Chapter 8: “Scaling SQL and Exploring Pipelines”

As your dataset begins to grow into thousands of rows to a billion rows, traditional SQL query approaches begin to get slower. Even a poorly placed index will make your query very expensive to run. In order to combat this there are tools that you will need in order to handle massive amounts of data, run queries faster using parallel processing, and automate workflows for real-time and batch updates. In this chapter we will go over how modern data systems scale using parallel computing, ETL pipelines, and cloud-native architecture. at a high level.

Parallel Processing

Most modern databases (like PostgreSQL, Snowflake, BigQuery, Redshift) can execute queries using parallel processing. That means splitting your query into smaller pieces and running them simultaneously.

Benefits of Parallelism:

  • Faster aggregations on large datasets
  • Lower latency for dashboard queries
  • Improved concurrency

SQL Features that use Parallel Features:

  • GROUP BY and JOIN operations
  • Aggregate functions like SUM(), AVG()
  • Sort and filter stages

Distributed Computing Architectures

Sometimes a single machine isn't enough. Systems like:

  • Google BigQuery (serverless MPP)
  • Amazon Redshift (clustered nodes)
  • Apache Spark (in-memory distributed compute)
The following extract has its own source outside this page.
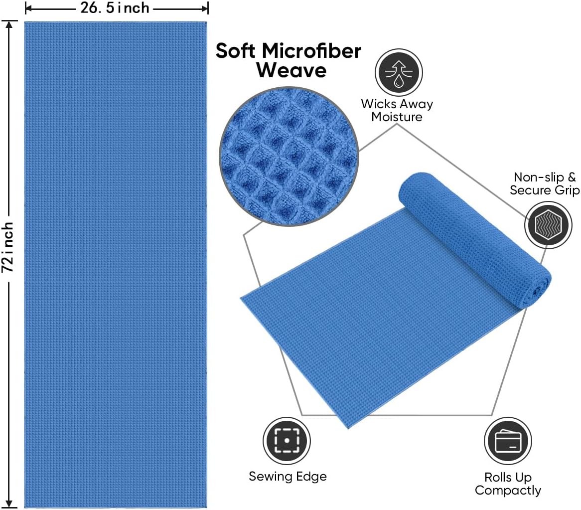 Waffle-Textured for Superior Quick-Dry & Sweat Control: Featuring an innovative waffle-weave design that maximizes surface area and airflow, this towel rapidly absorbs and evaporates sweat to keep you dry and comfortable. Made from premium microfiber, yoga mat towel is ideal for hot yoga, Pilates, Vinyasa, and other intense workouts

...use Massively Parallel Processing (MPP) and distributed file systems to scale horizontally.

There are multiple ways to scale horizontally such as:

  • Sharding: splits data across multiple nodes
  • Replication: copies data for fault tolerance
  • Partitioning: divides data by a specific range or hash

The most common way to scale data horizontally is by partitioning and there are three main types of partitioning: round-robin, hash, and range based partitioning, each of which has their own advantages and disadvantages. We will mainly be mentioning skew, which can be thought of as uneven data distribution.

  • Range Based: Partition based on ranges of value in your data — susceptible to skew if some ranges are more popular
  • Hash Based: Partition based on defined hash function — a little susceptible to skew if certain values dominate
  • Round Robin: Evenly distributes data — not susceptible to skew as each piece is evenly spread across processors

ETL vs ELT Pipelines

Data pipelines move data from source systems to target systems (e.g., databases, dashboards).

ETL: Extract → Transform → Load

  • Common in traditional warehouses
  • Clean and transform before loading
  • Example tools: Talend, Informatica

ELT: Extract → Load → Transform

  • Common in cloud warehouses (e.g., BigQuery, Snowflake)
  • Load raw data, transform with SQL
  • Example tools: dbt, SQLMesh, Dataform

Sample Workflow: CSV Files → Cloud Storage → BigQuery → dbt → Dashboard

Streaming vs Batch Pipelines

Batch: Load entire datasets periodically (hourly, daily)

Streaming: Ingest small updates in near real-time (Kafka, Flink)

Choose batch when:

  • You can tolerate delay
  • Data is static between intervals

Choose streaming when:

  • You need low-latency alerts
  • Data changes rapidly (e.g., sensors, apps)

Some Real World Examples of Cloud-Native Data Warehouses Are:

  • BigQuery: Serverless, ANSI SQL, parallel query, Fast analytics at scale
  • Snowflake: Auto-scaling, time travel, ELT workflows, Collaborative analytics
  • Redshift: Cluster-based MPP, Deep AWS integration

These platforms support:

  • Seamless scaling
  • Data partitioning & clustering
  • Integration with dbt and BI tools

SQL in the Data Pipeline Ecosystem

SQL plays a central role in ELT stacks:

  • Transformation: dbt models written in SQL
  • Validation: assertions, tests, constraints
  • Materialization: views, tables, incremental loads